◆ TASK REQUIREMENTS ◆
Could all of the entries be written out exactly, with any pictures omitted?
Content starts
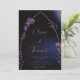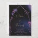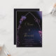 Rosas e folhas de eucalipto, desenhadas à mão em lápis colorido e revestidas digitalmente com roxo, fazem um convite de casamento moderno, sofisticado, elegante, mas chic, que tem um quadro simples e minimalista de arco gótico. O fundo azul preto e escuro com pistas de roxo e luzes iluminam o céu da meia-noite. A elegante caligrafia, na matiz do ouro, torna esse convite na moda preto e roxo ainda mais elegante.
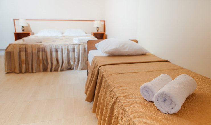 -в номере: вешалка, зеркало, кровать двуспальная, кровать полутороспальная, прикроватные тумбочки, стол, стул, шкаф, кондиционер, микроволновая печь, набор посуды, стиральная машина, телевизор, холодильник;
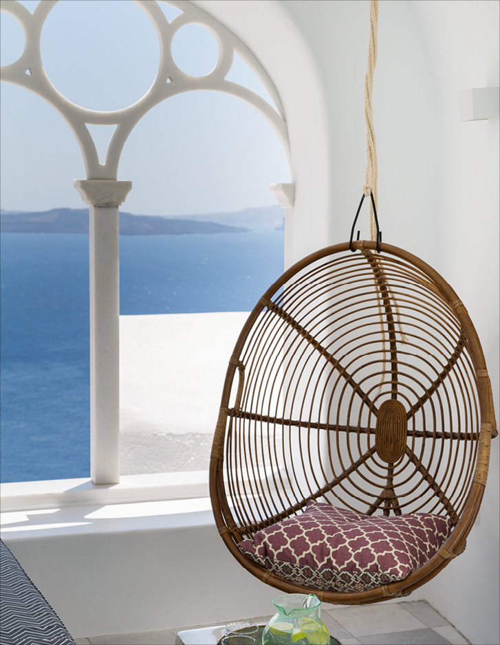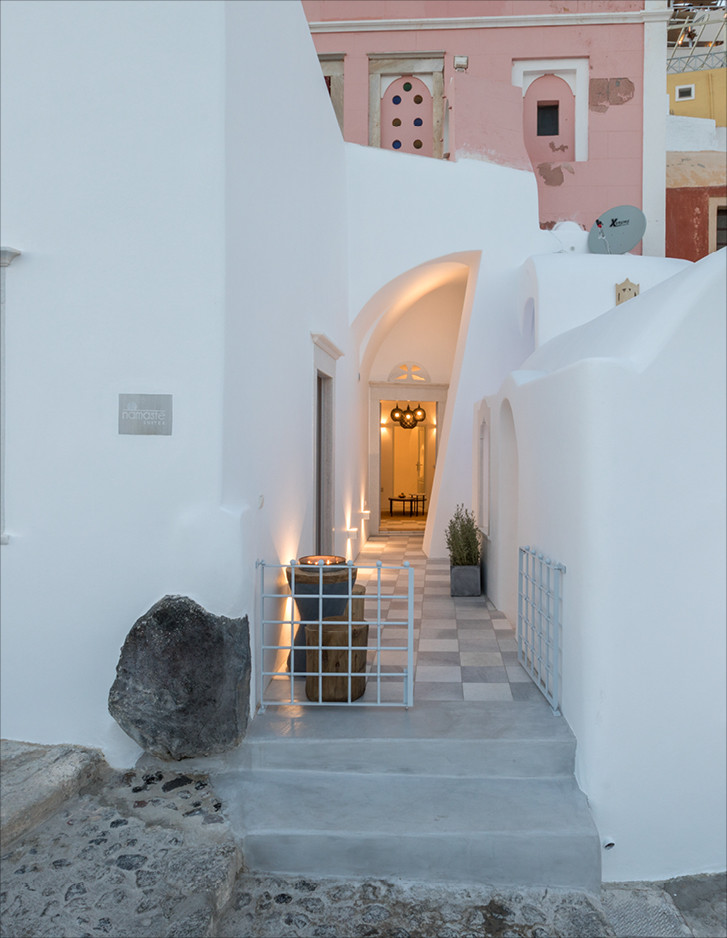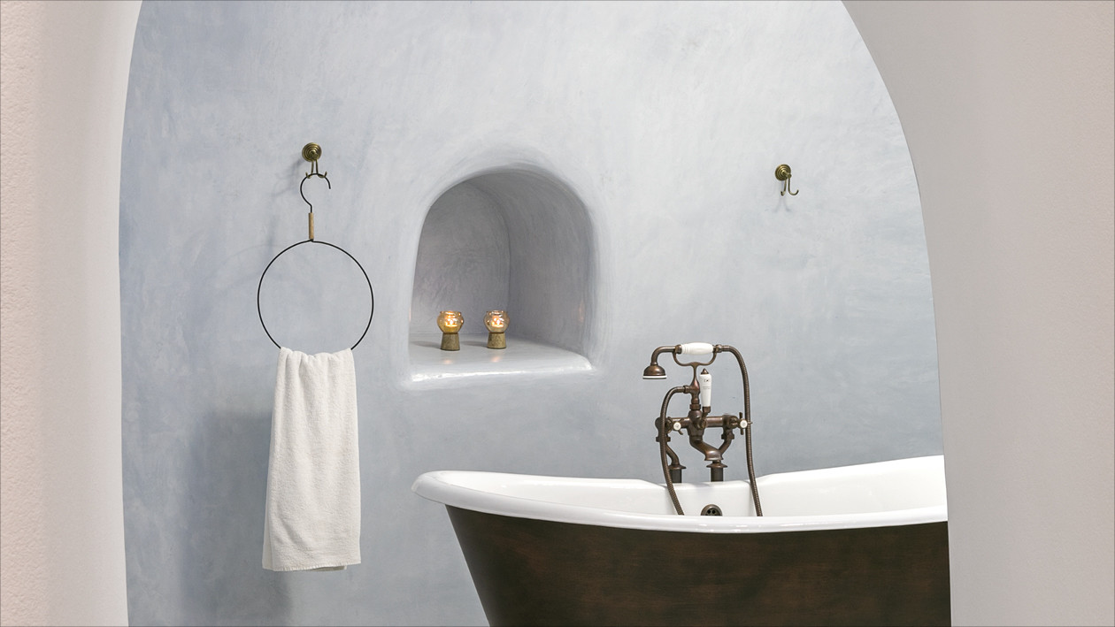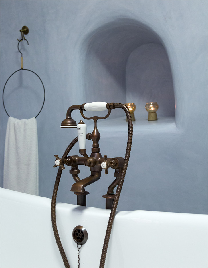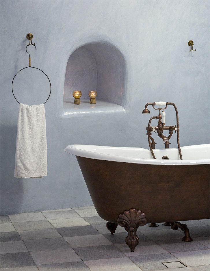An enchanting holiday home in Santorini (Greece) welcomes its guests halfway between the sea and the sky. Namaste Suites, located in Oia Village, preserves the traditional structure of the island houses, partly carved out of the volcanic stone. The white walls and the purity of architecture are brighten by an interior design with touches of Oriental mysticism, where every choice is suggested by an unlimited love for the quality handicrafts. Like the one that distinguishes the Admiral Copper Effect bathtub with Eagle legs in antique copper finish, chosen for the bathroom of the main suite.
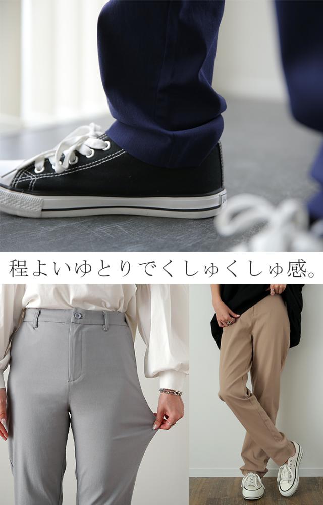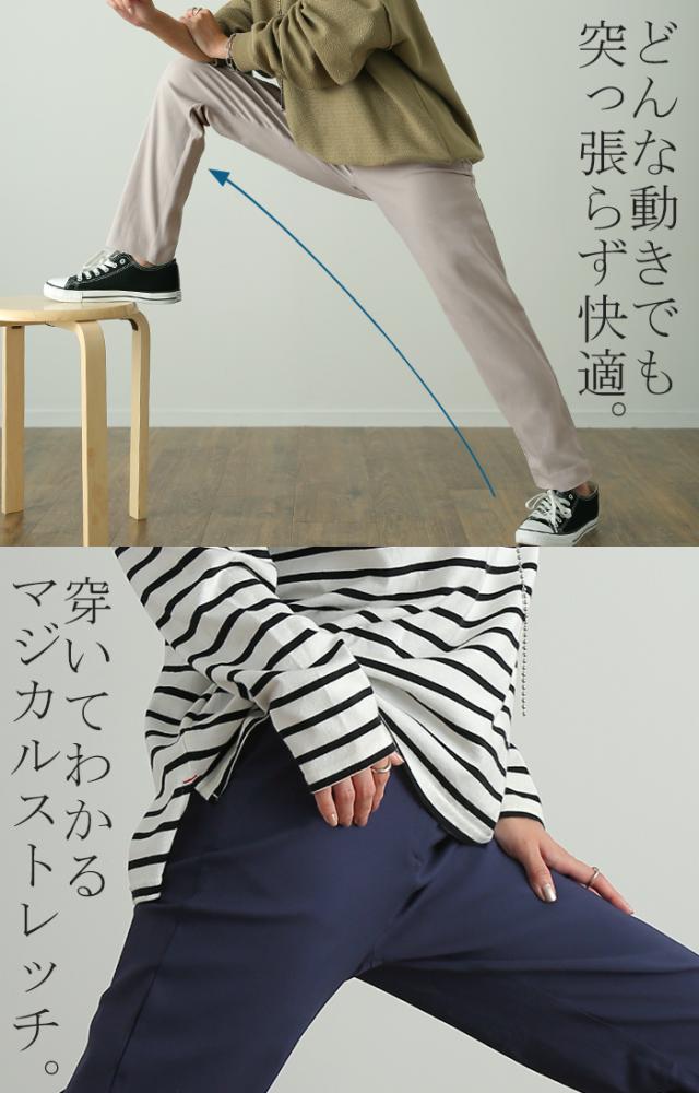 伸縮性抜群でラクな穿き心地のストレートパンツです。
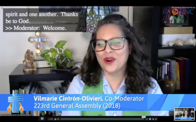 Cintrón-Olivieri started the report by welcoming everyone to the 224th General Assembly, acknowledging that it is a historic General Assembly, gathered for the first time digitally, which “created the opportunity for all of us to be gathered in one place virtually even as we are disbursed around the world.” She stated, “It can be overwhelming but we are grateful to God for being able to use technology in this way.” She went on to acknowledge that the day they assembly opened, June 19, is Junteenth, the day set aside to commemorate the announcement of the emancipation of enslaved people. She reminded all gathered, “It is not how far we’ve come, but how much work we have yet to do.”
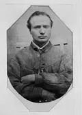 "Foto ur album för år 1861 öfver fångar förvarade å Malmö straff och arbets fängelse.No 222. Peter Stenberg. Förfalskning av Danskt mynt. 40 år gammal född i O Håme sn. af Hallands län. Högst opålitlig."
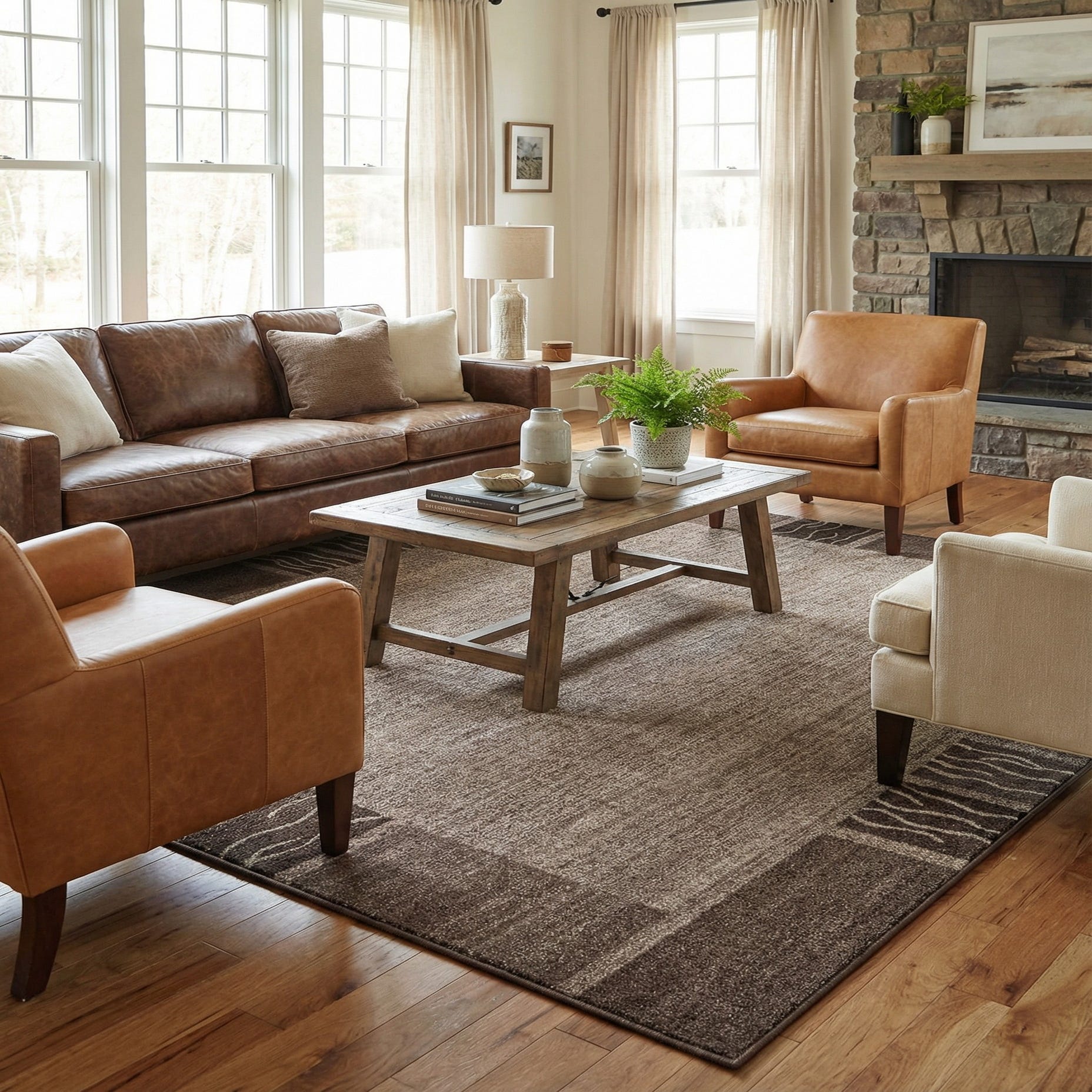 A subtle gradient motif creates a sense of depth and movement, while linear accents in a contrasting brown tone add a touch of visual interest without overwhelming the design. The versatility of the Angelica rug's neutral color scheme and understated pattern allows for seamless integration into a variety of interior design themes, from contemporary city dwellings to cozy suburban homes.
Content ends
◆ ANSWER TO THE PROBLEM ◆
 Rosas e folhas de eucalipto, desenhadas à mão em lápis colorido e revestidas digitalmente com roxo, fazem um convite de casamento moderno, sofisticado, elegante, mas chic, que tem um quadro simples e minimalista de arco gótico. O fundo azul preto e escuro com pistas de roxo e luzes iluminam o céu da meia-noite. A elegante caligrafia, na matiz do ouro, torna esse convite na moda preto e roxo ainda mais elegante.
 -в номере: вешалка, зеркало, кровать двуспальная, кровать полутороспальная, прикроватные тумбочки, стол, стул, шкаф, кондиционер, микроволновая печь, набор посуды, стиральная машина, телевизор, холодильник;
An enchanting holiday home in Santorini (Greece) welcomes its guests halfway between the sea and the sky. Namaste Suites, located in Oia Village, preserves the traditional structure of the island houses, partly carved out of the volcanic stone. The white walls and the purity of architecture are brighten by an interior design with touches of Oriental mysticism, where every choice is suggested by an unlimited love for the quality handicrafts. Like the one that distinguishes the Admiral Copper Effect bathtub with Eagle legs in antique copper finish, chosen for the bathroom of the main suite.
 伸縮性抜群でラクな穿き心地のストレートパンツです。
 Cintrón-Olivieri started the report by welcoming everyone to the 224th General Assembly, acknowledging that it is a historic General Assembly, gathered for the first time digitally, which “created the opportunity for all of us to be gathered in one place virtually even as we are disbursed around the world.” She stated, “It can be overwhelming but we are grateful to God for being able to use technology in this way.” She went on to acknowledge that the day they assembly opened, June 19, is Junteenth, the day set aside to commemorate the announcement of the emancipation of enslaved people. She reminded all gathered, “It is not how far we’ve come, but how much work we have yet to do.”
 "Foto ur album för år 1861 öfver fångar förvarade å Malmö straff och arbets fängelse.No 222. Peter Stenberg. Förfalskning av Danskt mynt. 40 år gammal född i O Håme sn. af Hallands län. Högst opålitlig."
 A subtle gradient motif creates a sense of depth and movement, while linear accents in a contrasting brown tone add a touch of visual interest without overwhelming the design. The versatility of the Angelica rug's neutral color scheme and understated pattern allows for seamless integration into a variety of interior design themes, from contemporary city dwellings to cozy suburban homes.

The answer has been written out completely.